====== Recorded information ======

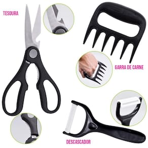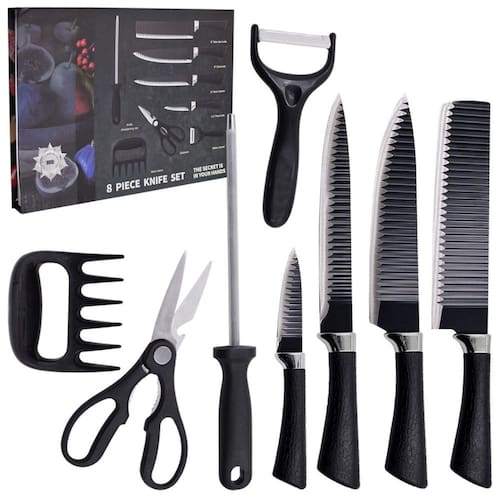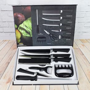 Itens inclusos: - 1 faca de corte de carne - 1 faca do chef - 1 faca de descascar - 1 descascador de legumes - 1 tesoura - 1 amolador de faca - 1 cutelo - 1 garra de carne Marca: Não Informado
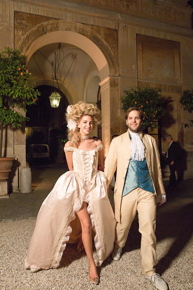 Đêm trước ngày cưới, cô dâu chú rể diện trang phục quý tộc thế kỷ 18 tổ chức tiệc cùng người thân, bạn bè theo chủ đề: "Les Liaisons Dangereuse" (Quan hệ nguy hiểm).
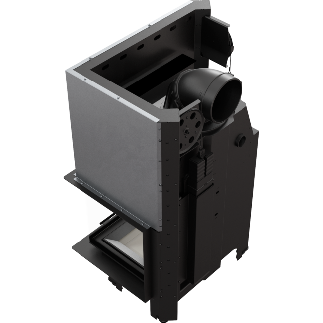 Potrójny system dopowietrzenia komory spalania: powietrze pierwotne - skierowane jest na płytę, na której odbywa się spalanie; powietrze wtórne dostarczane jest otworami w tylnej ścianie. Dodatkowo we wkładzie zastosowany jest system czystej szyby (kurtyna powietrza).
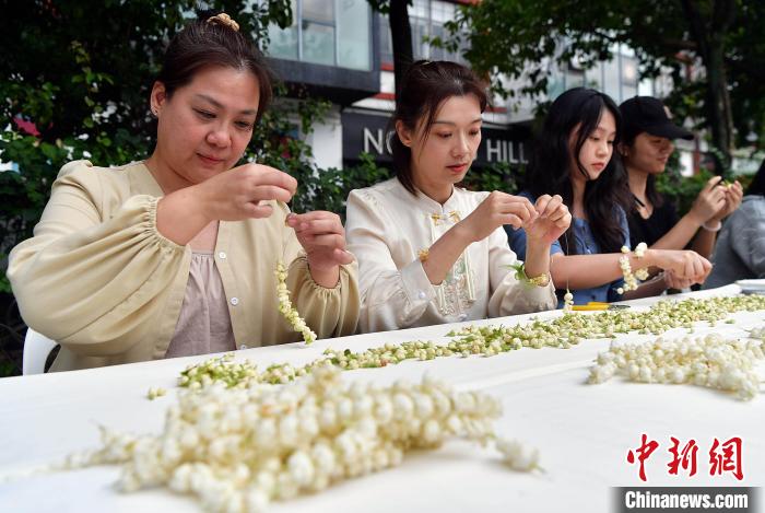 鄒曉娜在現(xiàn)場(chǎng)進(jìn)行茉莉花手環(huán)制作。她表示,茉莉花是福州的市花,和兩岸朋友一起制作茉莉花手環(huán),很有意義,而且能讓大家對(duì)福州有更深入的認(rèn)識(shí)。
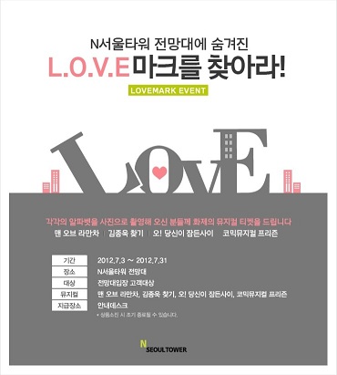 ソウルのランドマーク、Nソウルタワーで”L.O.V.E”マークを探すイベントが9/7~9/20まで開催されます。Nソウルタワーの展望台に隠されている”L.O.V.E”マークを探して写真で撮ってNソウルタワーの案内デスクに提示すると今話題のミュージカルチケットが貰えます。是非あなたも参加してみてください。 ≪期間≫ 2012年9月7日(金)~9月30日(日) ≪場所≫ Nソウルタワー展望台 ≪対象≫ 展望台入場したお客様のみ ≪商品ミュージカル≫ Man Of La Mancha (ラ・マンチャの男) Dlib Girls Die Leiden des jungen Werthers(若きウェルテルの悩み) ≪詳細≫ http://www.nseoultower.com/(韓国語) ※現地での事情により現在とは記事の内容が異なる可能性がありますのでご了承下さい。
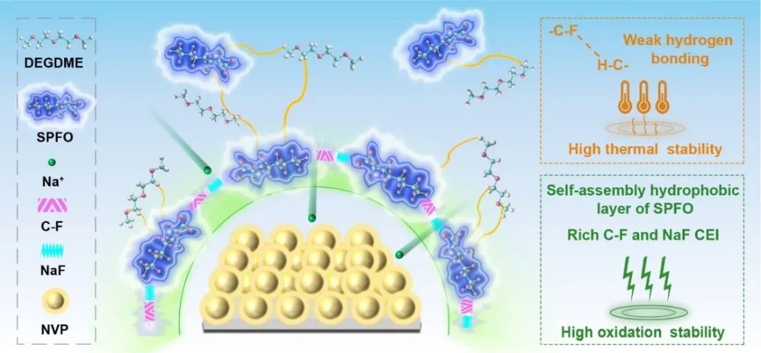 鈉離子電池具有資源豐富、成本低廉、性價比高等優(yōu)勢,在中低速電動車和大規(guī)模儲能等領(lǐng)域應(yīng)用前景廣闊。醚類電解液因其低熔點和高電導(dǎo)性等優(yōu)勢成為鈉離子電池相適配的優(yōu)選電解液體系之一。但是,醚類電解液較高的最高占據(jù)分子軌道能級(HOMO)使其固有抗氧化性不足,當電池電壓超過4.0V(vs.Na/Na+)時,會發(fā)生劇烈氧化分解,難以形成穩(wěn)定可靠的電極/電解液界面(CEI),造成嚴重的不可逆容量損失和較差的電化學穩(wěn)定性,因此無法有效應(yīng)用于電壓較高的正極材料體系。同時,醚類電解液的低閃點和易燃性增加了其高溫下的熱失控風險,也限制了其在鈉離子電池中的普適性應(yīng)用。
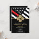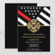 Célébrez avec style l’exploit durement mérité de votre pompier grâce à cette invitation personnalisée à la fête de remise des diplômes des pompiers. Doté d'un drapeau de pompier audacieux à rayures noires et blanches, d'une ligne rouge mince symbolique et d'un insigne de service d'incendie en or classique, cette invitation rend hommage au courage et au dévouement de votre diplômé. Parfait pour les fêtes de fin d'études de pompiers, les célébrations de l'école de pompiers ou l'honneur d'une nouvelle carrière dans la lutte contre les incendies, cette invitation met en évidence leur service et leur héroïsme. Personnalisez avec le nom de votre pompier, la date d’obtention du diplôme, l’heure et les détails de la fête. Idéal pour les fêtes sur le thème des pompiers, les célébrations familiales des pompiers et les diplômes des pompiers.
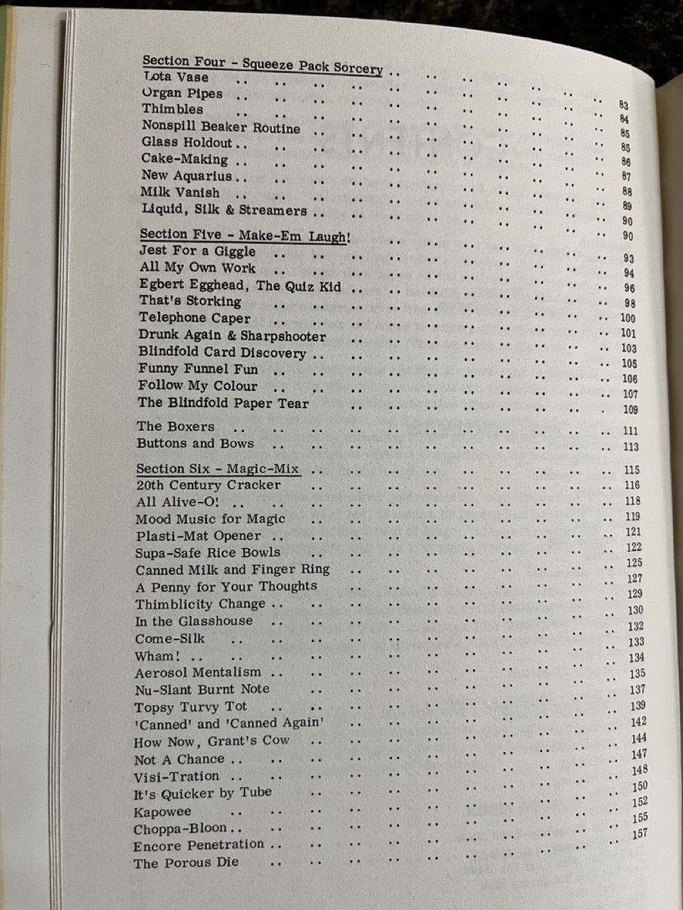 Contains everything from Cards, Mentalism, Coins, Stage magic and even a dose of routines for Kids. There is some great magic taught in this book including: Baker's Aerosol, Impossible Divination, Bewitched, Spoonerism, A Date to Remember, The Telephone Caper and much more.
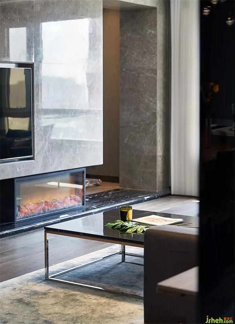 ▲電視背景墻采用了原始紋理的石材鋪設(shè),其中又匠心獨特地嵌入了一組壁爐,幾塊隨意堆砌的木柴。原本大氣硬朗的一隅,更添了幾分火熱的溫情。
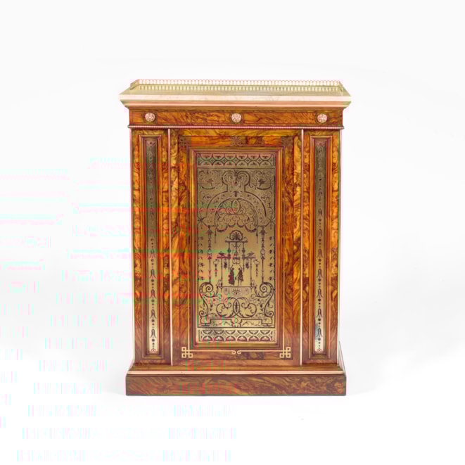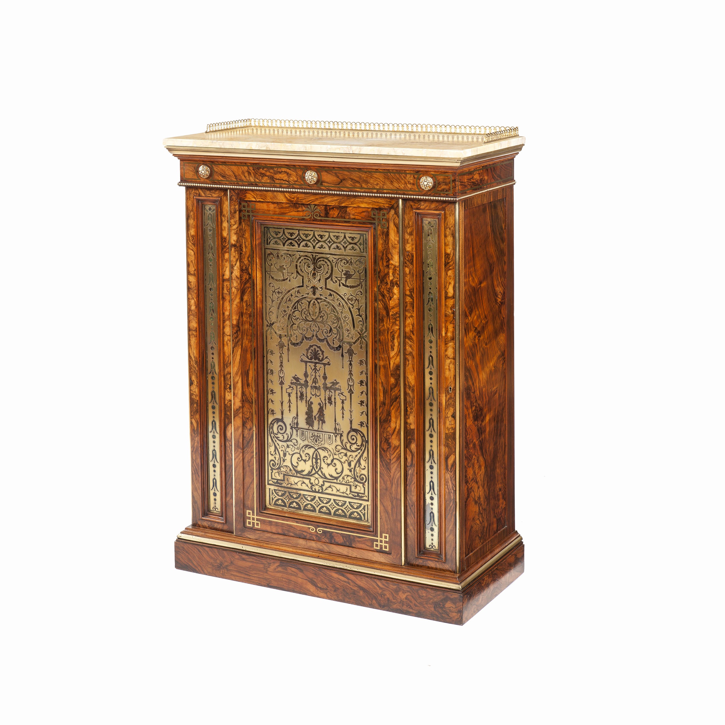 Constructed in a strongly grained olivewood, and dressed with brass inlays and an etched & engraved brass panel; rising from a plinth base, the lockable single door having an inset panel in the manner of Jean Berain, enclosing a shelved interior, and flanked by narrow vertical conforming panels; the apron being dressed with three bronze rosettes, and the Jura Jaune marble is dressed with a three quarter arcaded brass gallery.
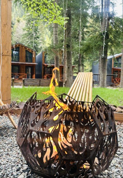 - Мангальная зона и беседка у каждого домика (шампуры и казан есть).
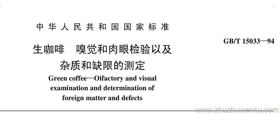 GB/T 15033-1994 pdf下载 生咖啡 嗅觉和肉眼检验以及 杂质和缺限的测定
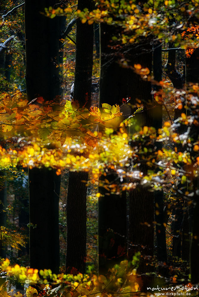 Herbstwald mit dünner Schneedecke, Rot-Buchen, Eichen und Kastanien, Laubfärbung, Nationalpark Hainich, Mehrfachbelichtung scharf/unscharf, Craula, Deutschland
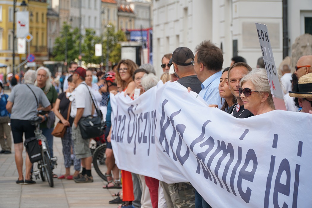Z kolei przed Pałacem Prezydenckim, siedzibą PiS czy KRS Obywatele RP oraz członkowie innych ruchów społecznych stają z innym transparentem, choć oczywiście także nawiązującym do Konstytucji RP. Ma on hasło: „Zdradza ojczyznę ten, kto łamie jej najwyższe prawo”. To nie tylko wymowny komunikat, ale jednocześnie żądanie natychmiastowego zawieszenia wykonywania niekonstytucyjnych ustaw dotyczących sądownictwa.
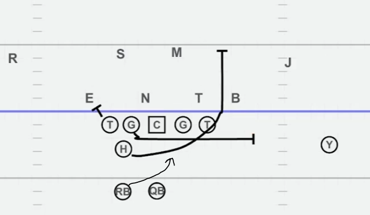 Power looks similar to counter, but the main difference is who is pulling and the footwork of the running back. There are no delay steps in power, as it’s a fast-hitting play toward the play side.

======

## What needs to be done
Both ends included, copy word for word the lines from the top of the entries above through the line with "2012年9月7日(金)~9月30日(日) ≪場所≫ Nソウルタワー展望台". No pictures.

## Solution below
 Itens inclusos: - 1 faca de corte de carne - 1 faca do chef - 1 faca de descascar - 1 descascador de legumes - 1 tesoura - 1 amolador de faca - 1 cutelo - 1 garra de carne Marca: Não Informado
 Đêm trước ngày cưới, cô dâu chú rể diện trang phục quý tộc thế kỷ 18 tổ chức tiệc cùng người thân, bạn bè theo chủ đề: "Les Liaisons Dangereuse" (Quan hệ nguy hiểm).
 Potrójny system dopowietrzenia komory spalania: powietrze pierwotne - skierowane jest na płytę, na której odbywa się spalanie; powietrze wtórne dostarczane jest otworami w tylnej ścianie. Dodatkowo we wkładzie zastosowany jest system czystej szyby (kurtyna powietrza).
 鄒曉娜在現(xiàn)場(chǎng)進(jìn)行茉莉花手環(huán)制作。她表示,茉莉花是福州的市花,和兩岸朋友一起制作茉莉花手環(huán),很有意義,而且能讓大家對(duì)福州有更深入的認(rèn)識(shí)。
 ソウルのランドマーク、Nソウルタワーで”L.O.V.E”マークを探すイベントが9/7~9/20まで開催されます。Nソウルタワーの展望台に隠されている”L.O.V.E”マークを探して写真で撮ってNソウルタワーの案内デスクに提示すると今話題のミュージカルチケットが貰えます。是非あなたも参加してみてください。 ≪期間≫ 2012年9月7日(金)~9月30日(日) ≪場所≫ Nソウルタワー展望台 ≪対象≫ 展望台入場したお客様のみ ≪商品ミュージカル≫ Man Of La Mancha (ラ・マンチャの男) Dlib Girls Die Leiden des jungen Werthers(若きウェルテルの悩み) ≪詳細≫ http://www.nseoultower.com/(韓国語) ※現地での事情により現在とは記事の内容が異なる可能性がありますのでご了承下さい。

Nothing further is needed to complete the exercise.